その二次性は完璧とされ、何不自由ない生活が望めるであろう。

 ヒエラルキーのトップであるアルファは、この世で最も輝かしい存在。

だがそれは、ベータやオメガにとって、高すぎて見えなかった苦労もあることに梓は気づく。

「私、去勢してるんだ。番が居ないからオメガの匂いも解る。子宮さえあればいいっていう親の判断で高校のときね、取らされちゃった。取ってもアルファのままだけどね」

 もう過去の事だからと、気にも留めていない様子で悠里が語る。

「あの頃はそりゃ泣いたよ。女らしくって何?って。
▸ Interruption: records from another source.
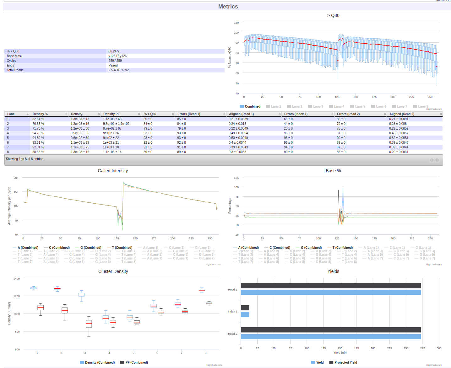 220120_A00469_0263_AH3YMFDSX3. Click on the run alias to go to the run page. - Scroll down to the Metrics section and examine the sequencing metrics for this run.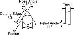 | Insert Code | Type | Shape | Angle | Threads Per Inch Range | Inscribed Circle Dia. (IC) | Thick. | Tip Radius | Finish | Pkg. Qty. | Pkg. | |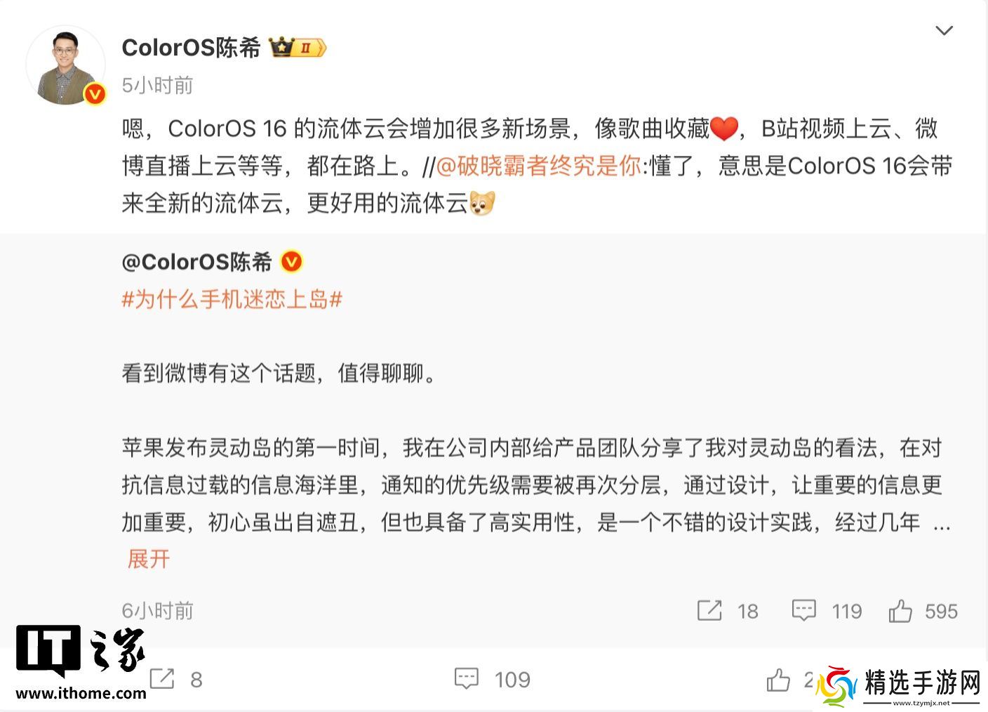 陈希后续又发文披露,ColorOS 的流体云将增加很多新场景,如歌曲收藏、B站视频上云、微博直播上云等“都在路上”。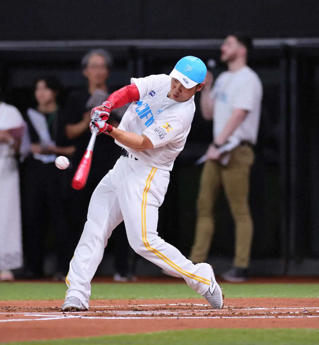 先に登場した近藤。23日のホームランダービーでは、牧(DeNA)と岡本和(巨人)を撃破し決勝に駒を進めた。リズムよいスイングで軽々とスタンドにボールを運び、計8本を記録した。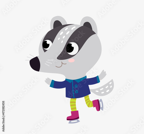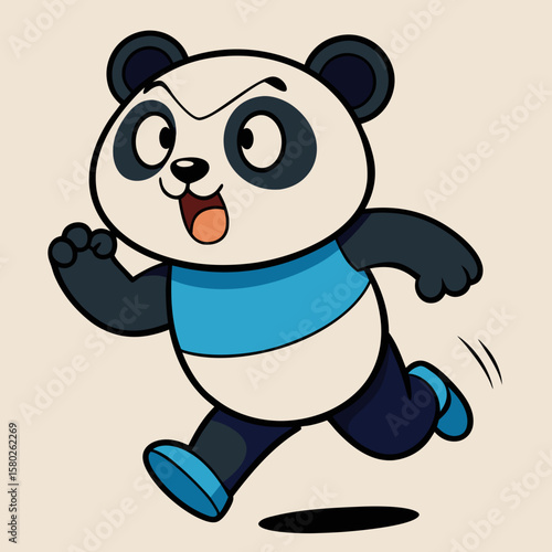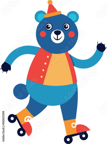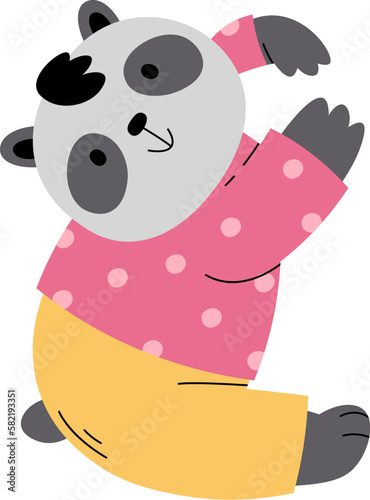 Panda roller skater vector. Cartoon funny bear sport character and fitness exercise icon. Kawaii animal skating isolated on white background

でも世の中ってそんなもんだよね」
「悠里……」

 語りだし、止まらない過去の感情を口にする悠里に、雪見が申し訳ないという表情を見せる。

「私たちさ、本当は昔、付き合ってたんだ。でも去勢されて、雪見との子供ができないって思ったから、雪見が知らない誰かに取られるならって、アルファの佳充と雪見を番にさせたんだよねぇ」

「俺は望んで雪見と番になったんだが?」

 梓の背後から、男の声が聞こえた。
佳充だった。

「おー来た来た」

 ようやく来ましたか。と、悠里が佳充を見て言う。

「お迎えご苦労さーん」
「俺はアシじゃねーんだよ」

 どうやら、悠里か雪見のどちらかが呼び出したようだ。
今日は休みなのか、いつもスーツで凛々しい姿を見せている佳充の姿はラフだった。

「梓、久しぶりだな。体調はどうだ?」
「お蔭様で、なんとか順調に」
「ならよかった」

 佳充は、当たり前のように自然と梓の隣に座った。

「で?なんの話だ?」
「んー?私たちの過去」

 そんな話をなんでしているんだと、佳充が小言を漏らすが、悠里と雪見は話を止めなかった。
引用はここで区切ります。